— TASK PROMPT —
In the listing below, find the line containing "Кухонна зона представлена" and the line containing "2、进入加油详情界面后,点击想要修改的数据,点击数据后方的修改按键。", then copy exactly everything from the first through the second, except the pictures.

-=-=-=-=-

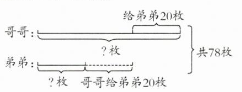$弟弟:(78-20×2)÷2=19(枚)\ $
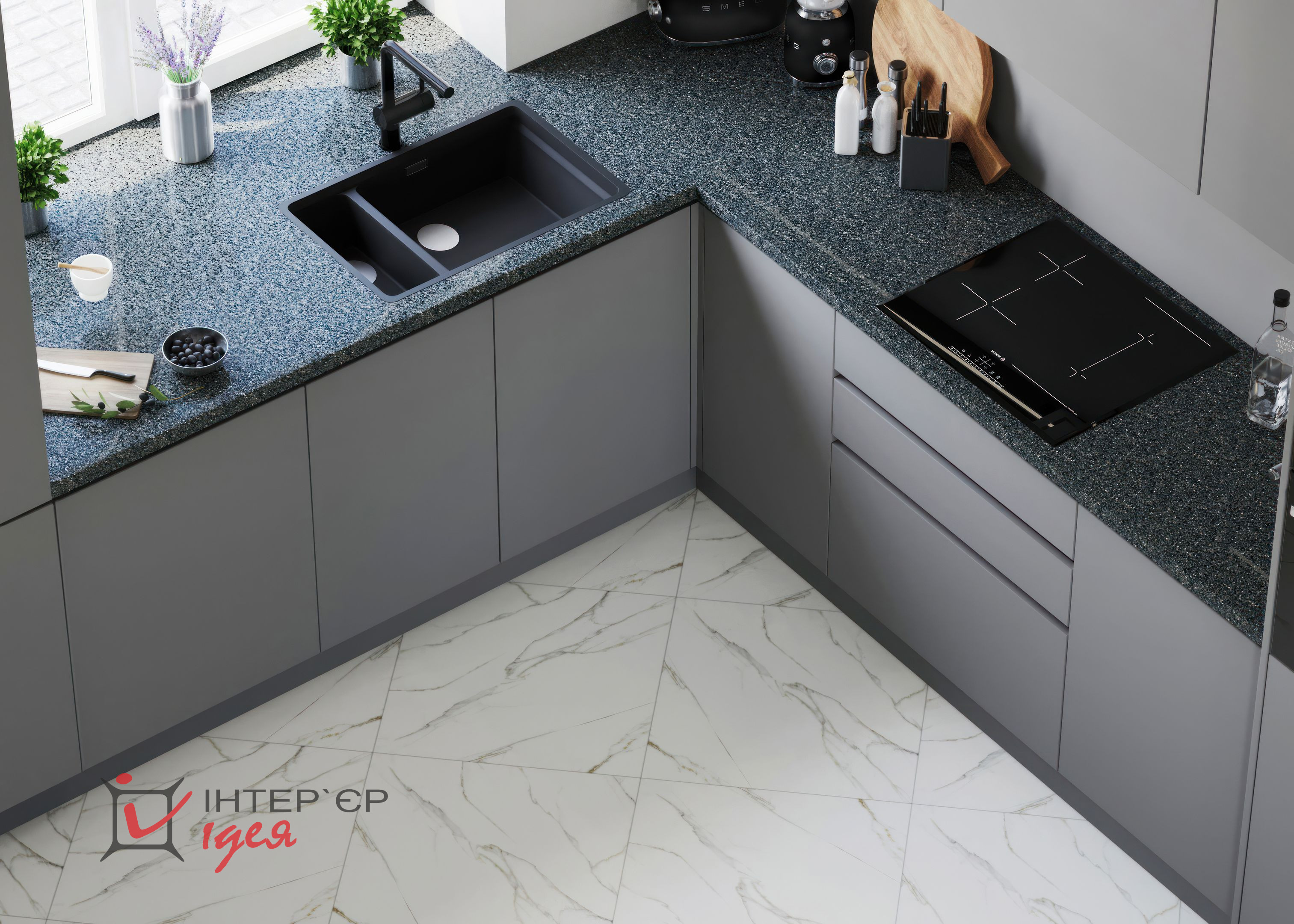 Кухонна зона представлена сучасними меблями з гладкими фасадами у сірому кольорі, що надає кімнаті легкості. Вбудовані шафи з чорними ручками додають контрасту та підкреслюють сучасний стиль. Стільниця з темного граніту виглядає розкішно і водночас практично.
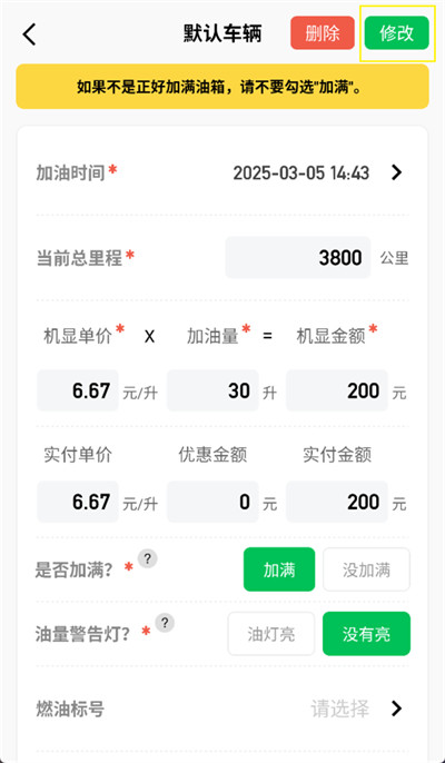 2、进入加油详情界面后,点击想要修改的数据,点击数据后方的修改按键。
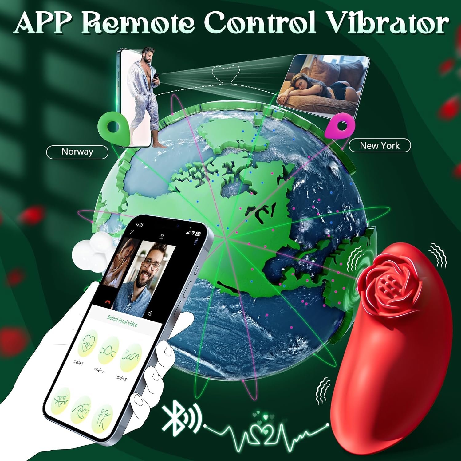 APP Remote Control Rose Sex Toy, 9 Vibration Clitoral Vibrator Double Motors Dual Stimulation, Long-Distance Fun G-spot Panty Vibrator Wearable Butterfly Vibrator for Woman and Couples
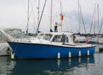 Beste Harold, I mounted the trust bearing in combination with a Pyton CV drive shaft. It eliminates the need of exact alignment between the propshaft and the gearbox and yearly checking it. Further the engine can rest on soft rubber engine mounts as the prop don't push against the engine, so no engine or propshaft vabrations in Tommie no more. The engine is running very fine, but smokes a bit for a few seconds when I go suddenly full trottle, see picture, I will check the turbo pressure this weekend. With the Perkins 265 the topspeed was 13 kn. at 1558 rpm shaftspeed with a 3 blade 21 x 20. While waiting for parts, I had all the time to finish the inside and repaint the hull again. Last Saturday I went fishing and as you see they where waiting for me.
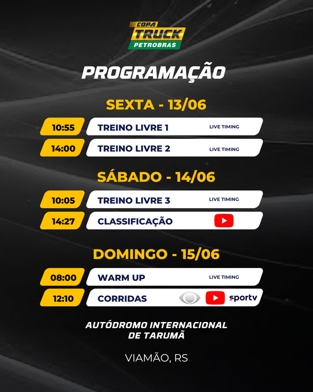 No caso dos brutos, a largada para as duas corridas da etapa de Tarumã está marcada para acontecer às 12h10, com transmissão ao vivo da Band, SporTV e diversos canais digitais (CATVE.com e Copa Truck, Esporte na Band, Portal Highspeed e Parc Fermé no YouTube). Confira abaixo a programação completa:
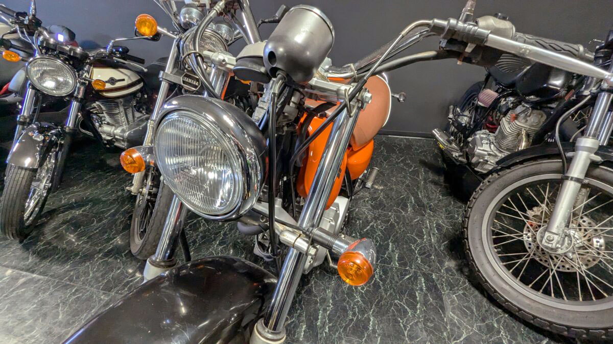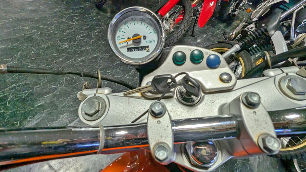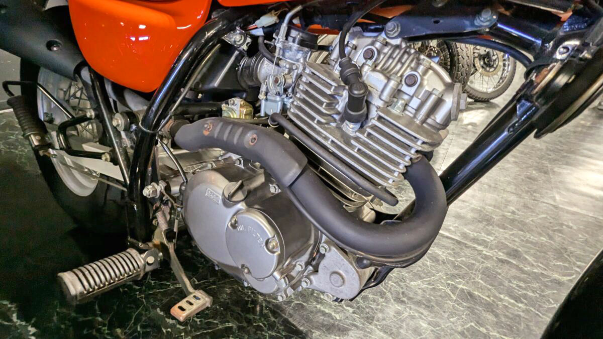 取材に協力いただいたショップのバンバン200は、オレンジの車体にサビはなく、センス良くカスタムされています。ダートモデルのジェベル200やDF200に用いられていたエンジンを減速比を変えて搭載。排気量199cc・空冷4スト単気筒・最高出力16馬力。街乗りに最適なスペックです。
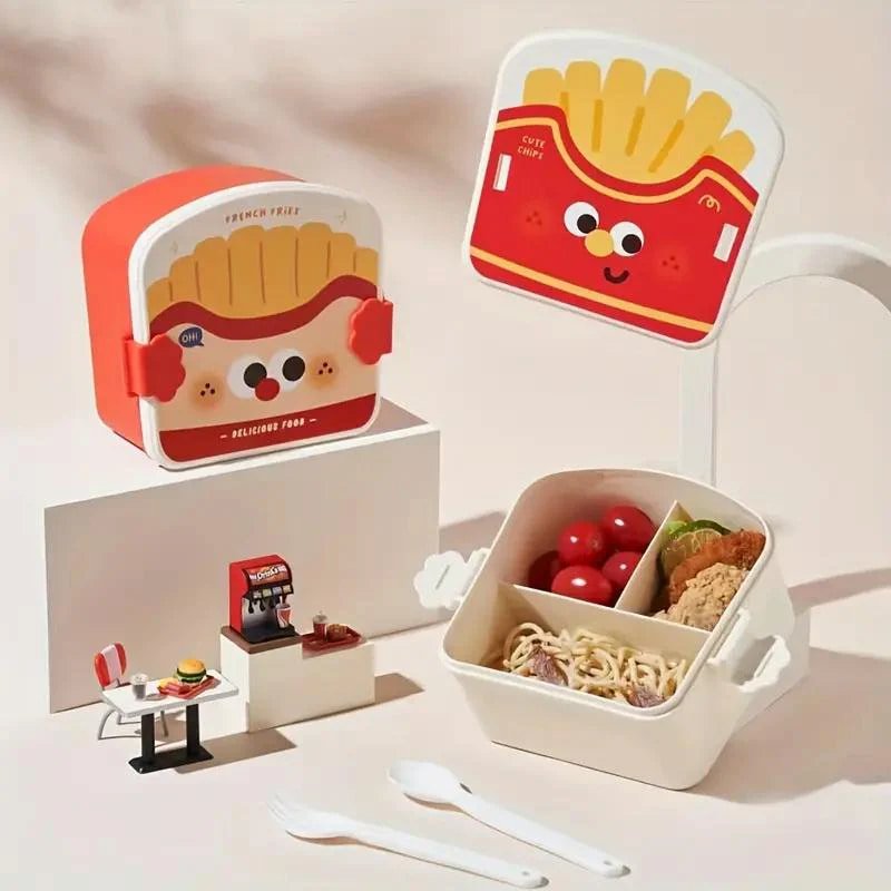 La lonchera de diseño de papas es ideal para llevar al trabajo, colegio o cualquier salida casual. Su construcción robusta y ligera la convierte en una compañera ideal para tus comidas. Además, su diseño compacto asegura que puedas llevarla en tu bolso sin ocupar mucho espacio.
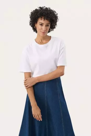 Jamina t-skjorte er en klassisk og behagelig T-skjorte laget av 100?% bomull, som gir naturlig mykhet, god pusteevne og komfort gjennom hele dagen. Denne t-skjorten i hvitt eller lyseblått er et allsidig basisplagg som enkelt kan styles med jeans, skjørt eller under jakker for en avslappet og tidløs look
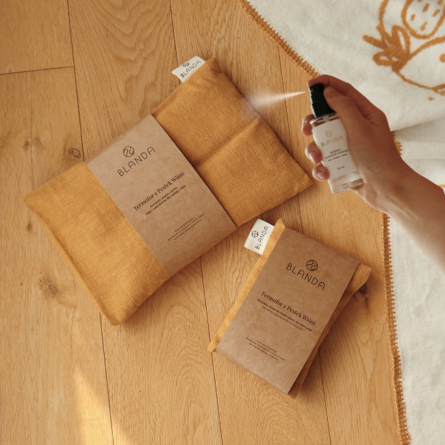 Zapachowy rytuał przed snem: Rozpyl mgiełkę w powietrzu lub spryskaj pościel czy wkład termofora mamy, aby stworzyć błogi klimat pełen świeżości i spokoju.
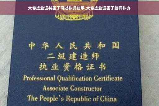 到此,以上就是小编对于大专毕业证书丢了可以补吗知乎的问题就介绍到这了,希望介绍关于大专毕业证书丢了可以补吗知乎的5点解答对大家有用。
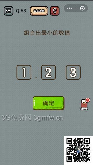 微信最強腦洞游戲第63關【組合出最小的數值】答案攻略 ... [更多詳細]
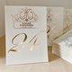 婚礼熨金枱号咭,吊灯设计,在里面熨妳们的名字和婚礼日期。选用典雅蓝厚咭,两面熨金,座枱设计轻易摆放。
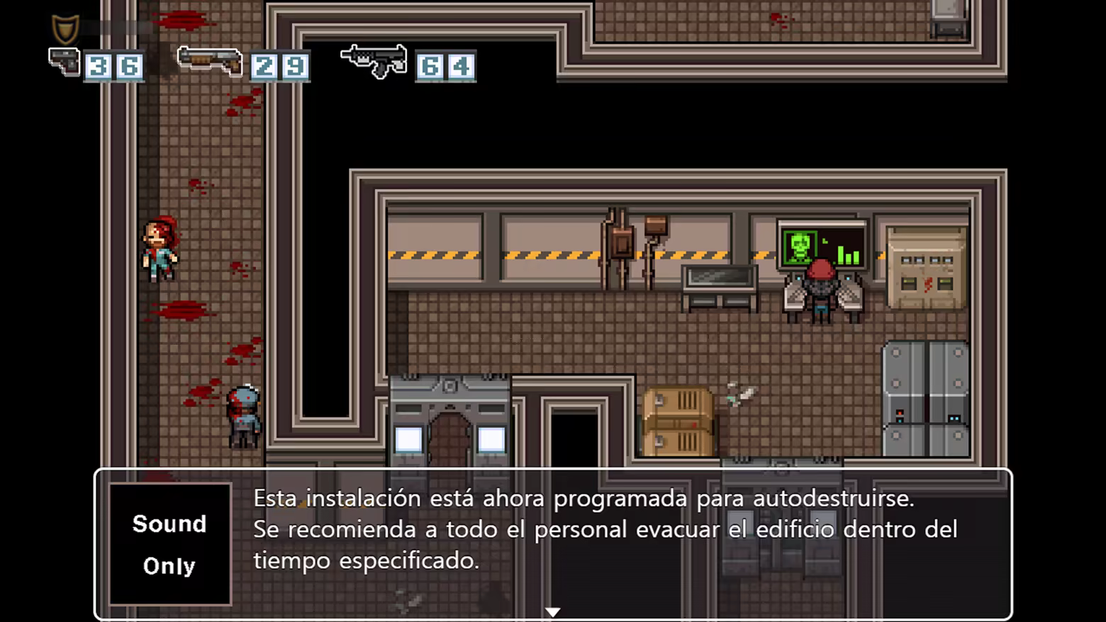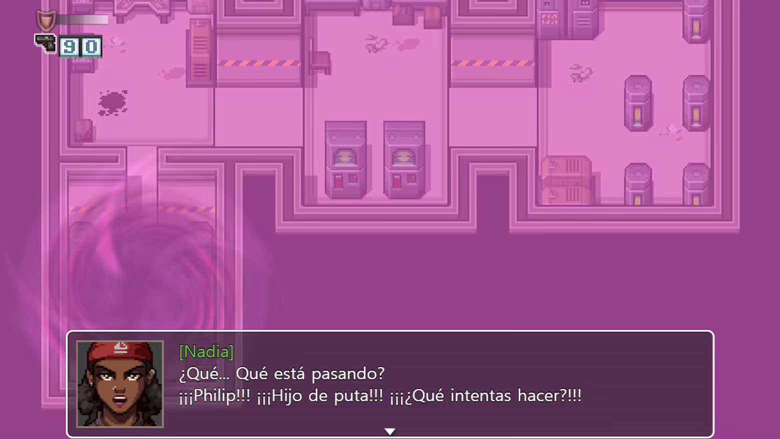 Nadia's Revenge is a top-down 2D pixel-based game where players fight enemies with firearms and solve puzzles to progress through the story, while making choices at branch points that lead to two different endings.

-=-=-=-=-

— TASK SOLUTION —
 Кухонна зона представлена сучасними меблями з гладкими фасадами у сірому кольорі, що надає кімнаті легкості. Вбудовані шафи з чорними ручками додають контрасту та підкреслюють сучасний стиль. Стільниця з темного граніту виглядає розкішно і водночас практично.
 2、进入加油详情界面后,点击想要修改的数据,点击数据后方的修改按键。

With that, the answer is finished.